Data to use section start
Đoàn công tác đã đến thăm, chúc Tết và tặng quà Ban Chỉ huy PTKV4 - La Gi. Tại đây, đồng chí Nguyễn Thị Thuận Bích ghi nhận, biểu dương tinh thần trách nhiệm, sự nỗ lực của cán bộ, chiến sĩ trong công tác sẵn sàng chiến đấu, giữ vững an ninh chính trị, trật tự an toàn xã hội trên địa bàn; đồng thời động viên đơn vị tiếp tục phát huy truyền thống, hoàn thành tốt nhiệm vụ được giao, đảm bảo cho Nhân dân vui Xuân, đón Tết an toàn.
Data to use section end
Data to use section start
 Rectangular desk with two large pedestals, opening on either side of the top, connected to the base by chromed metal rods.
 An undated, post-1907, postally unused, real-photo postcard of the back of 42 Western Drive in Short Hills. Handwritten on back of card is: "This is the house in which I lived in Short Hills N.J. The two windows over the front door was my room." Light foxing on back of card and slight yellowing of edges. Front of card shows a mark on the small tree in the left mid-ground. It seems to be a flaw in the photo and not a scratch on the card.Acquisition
Data to use section end
Data to use section start
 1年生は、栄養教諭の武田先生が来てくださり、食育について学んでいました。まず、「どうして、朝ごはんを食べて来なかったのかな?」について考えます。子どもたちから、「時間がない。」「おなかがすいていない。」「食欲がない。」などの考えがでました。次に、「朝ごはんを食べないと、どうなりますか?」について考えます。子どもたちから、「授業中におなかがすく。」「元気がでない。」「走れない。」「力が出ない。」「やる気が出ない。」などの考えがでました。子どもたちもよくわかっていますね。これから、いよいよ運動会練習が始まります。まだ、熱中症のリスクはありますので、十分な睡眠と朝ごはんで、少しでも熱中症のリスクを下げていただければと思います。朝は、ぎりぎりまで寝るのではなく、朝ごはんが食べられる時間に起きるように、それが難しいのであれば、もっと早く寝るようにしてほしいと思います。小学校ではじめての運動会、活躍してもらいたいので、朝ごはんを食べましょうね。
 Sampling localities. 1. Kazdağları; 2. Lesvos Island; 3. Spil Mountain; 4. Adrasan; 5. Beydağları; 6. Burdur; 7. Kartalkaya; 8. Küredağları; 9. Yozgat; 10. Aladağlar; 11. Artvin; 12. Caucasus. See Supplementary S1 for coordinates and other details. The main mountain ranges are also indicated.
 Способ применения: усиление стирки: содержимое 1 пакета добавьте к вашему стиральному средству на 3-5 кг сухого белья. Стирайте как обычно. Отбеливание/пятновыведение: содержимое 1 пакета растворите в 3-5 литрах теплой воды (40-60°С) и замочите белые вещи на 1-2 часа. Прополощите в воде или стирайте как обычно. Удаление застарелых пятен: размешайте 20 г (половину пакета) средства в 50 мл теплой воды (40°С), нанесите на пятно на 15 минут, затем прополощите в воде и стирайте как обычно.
Data to use section end
### Directions for this task
Beginning at the line with "Rectangular desk with" and ending at the line with "An undated, post-1907, postally", reproduce each line of the data above exactly, and add no other lines.

### Output of the task
 Rectangular desk with two large pedestals, opening on either side of the top, connected to the base by chromed metal rods.
 An undated, post-1907, postally unused, real-photo postcard of the back of 42 Western Drive in Short Hills. Handwritten on back of card is: "This is the house in which I lived in Short Hills N.J. The two windows over the front door was my room." Light foxing on back of card and slight yellowing of edges. Front of card shows a mark on the small tree in the left mid-ground. It seems to be a flaw in the photo and not a scratch on the card.Acquisition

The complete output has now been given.